In order to define an API key for a given provider, there are three primary options:

  1. Directly include it in the YAML configuration file.

  2. Use an environment variable to store the API key and reference it in the YAML configuration file.

  3. Define your API key in a file and reference the location of that key-bearing file within the YAML configuration file.

If you choose to include the API key directly, replace $OPENAI_API_KEY in the YAML file with your actual API key.

Warning

The MLflow AI Gateway service provides direct access to billed external LLM services. It is strongly recommended to restrict access to this server. See the section on security for guidance.

If you prefer to use an environment variable (recommended), you can define it in your shell environment. For example:

export OPENAI_API_KEY="your_openai_api_key"

Note: Replace “your_openai_api_key” with your actual OpenAI API key.

AI Gateway Configuration Details

The MLflow AI Gateway service relies on a user-provided configuration file. It defines how the gateway interacts with various language model providers and dictates the routes that users can access.

The configuration file is written in YAML and includes a series of sections, each representing a unique route. Each route section has a name, a type, and a model specification, which includes the provider, model name, and provider-specific configuration details.

Here are the details of each configuration parameter:

General Configuration Parameters
  • routes: This is a list of route configurations. Each route represents a unique endpoint that maps to a particular language model service.

Each route has the following configuration parameters:

  • name: This is the name of the route. It needs to be a unique name without spaces or any non-alphanumeric characters other than hyphen and underscore.

  • route_type: This specifies the type of service offered by this route. This determines the interface for inputs to a route and the returned outputs. Current supported route types are:

    • “llm/v1/completions”

    • “llm/v1/chat”

    • “llm/v1/embeddings”

  • model: This defines the provider-specific details of the language model. It contains the following fields:

    • provider: This indicates the provider of the AI model. It accepts the following values:

      • “openai”

      • “mosaicml”

      • “anthropic”

      • “cohere”

      • “palm”

      • “azure” / “azuread”

      • “mlflow-model-serving”

      • “huggingface-text-generation-inference”

      • “ai21labs”

      • “bedrock”

      • “mistral”

      • “togetherai”

    • name: This is an optional field to specify the name of the model.

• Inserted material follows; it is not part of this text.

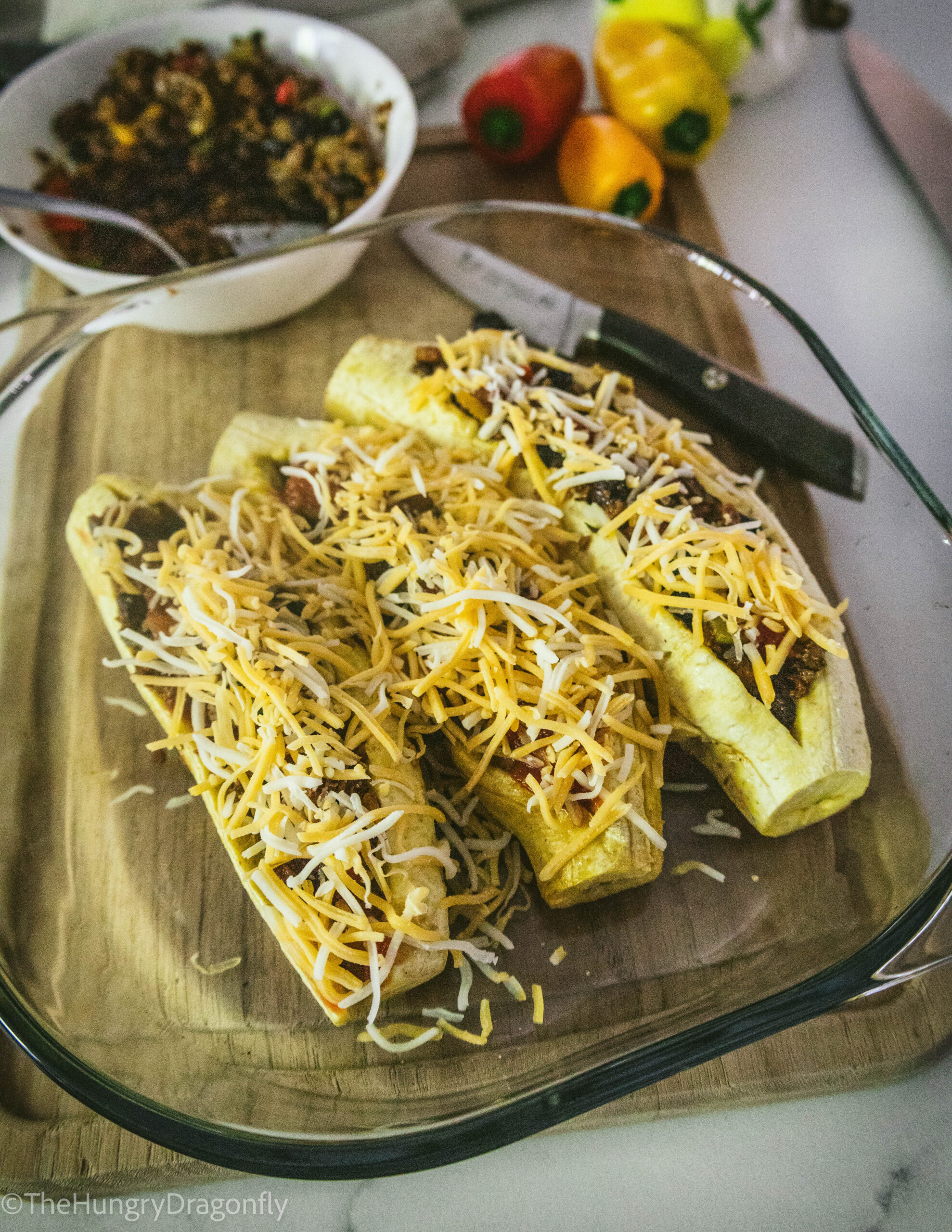 - Fill each plantain "canoe" with the beefless mixture. If using vegan cheese, sprinkle it on top of the filling.

    • config: This contains provider-specific configuration details.

Provider-Specific Configuration Parameters
OpenAI

Configuration Parameter

Required

Default

Description

openai_api_key

Yes

This is the API key for the OpenAI service.

openai_api_type

No

This is an optional field to specify the type of OpenAI API to use.

openai_api_base

No

https://api.openai.com/v1

This is the base URL for the OpenAI API.

openai_api_version

No

This is an optional field to specify the OpenAI API version.

openai_organization

No

This is an optional field to specify the organization in OpenAI.

MosaicML

Configuration Parameter

Required

Default

Description

mosaicml_api_key

Yes

N/A

This is the API key for the MosaicML service.

Cohere

Configuration Parameter

Required

Default

Description

cohere_api_key

Yes

N/A

This is the API key for the Cohere service.

HuggingFace Text Generation Inference

Configuration Parameter

Required

Default

Description

hf_server_url

Yes

N/A

This is the url of the Huggingface TGI Server.

PaLM

Configuration Parameter

Required

Default

Description

palm_api_key

Yes

N/A

This is the API key for the PaLM service.

AI21 Labs

Configuration Parameter

Required

Default

Description

ai21labs_api_key

Yes

N/A

This is the API key for the AI21 Labs service.

Anthropic

Configuration Parameter

Required

Default

Description

anthropic_api_key

Yes

N/A

This is the API key for the Anthropic service.

Amazon Bedrock

Top-level model configuration for Amazon Bedrock routes must be one of the following two supported authentication modes: key-based or role-based.

Configuration Parameter

Required

Default

Description

aws_config

No

An object with either the key-based or role-based schema below.

Mistral

Configuration Parameter

Required

Default

Description

mistral_api_key | Yes | N/A | This is the API key for the Mistral service.

TogetherAI

Configuration Parameter | Required | Default | Description

togetherai_api_key

Yes

N/A

This is the API key for the TogetherAI service.

To use key-based authentication, define an Amazon Bedrock route with the required fields below. .. note:

If using a configured route purely for development or testing, utilizing an IAM User role or a temporary short-lived standard IAM role are recommended; while for production deployments, a standard long-expiry IAM role is recommended to ensure that the route is capable of handling authentication for a long period. If the authentication expires and a new set of keys need to be supplied, the route must be recreated in order to persist the new keys.

Configuration Parameter

Required

Default

Description

aws_region

No

AWS_REGION/AWS_DEFAULT_REGION

The AWS Region to use for bedrock access.

aws_secret_access_key

Yes

AWS secret access key for the IAM user/role authorized to use bedrock

aws_access_key_id

Yes

AWS access key ID for the IAM user/role authorized to use Bedrock

aws_session_token

No

None

Optional session token, if required

Alternatively, for role-based authentication, an Amazon Bedrock route can be defined and initialized with an a IAM Role ARN that is authorized to access Bedrock. The MLflow AI Gateway will attempt to assume this role with using the standard credential provider chain and will renew the role credentials if they have expired.

Configuration Parameter

Required

Default

Description

aws_region

No

AWS_REGION/AWS_DEFAULT_REGION

The AWS Region to use for bedrock access.

aws_role_arn

Yes

An AWS role authorized to use Bedrock. The standard credential provider chain must be able to find credentials authorized to assume this role.

session_length_seconds

No

900

The length of session to request.

MLflow Model Serving

Configuration Parameter

Required

Default

Description

model_server_url

Yes

N/A

This is the url of the MLflow Model Server.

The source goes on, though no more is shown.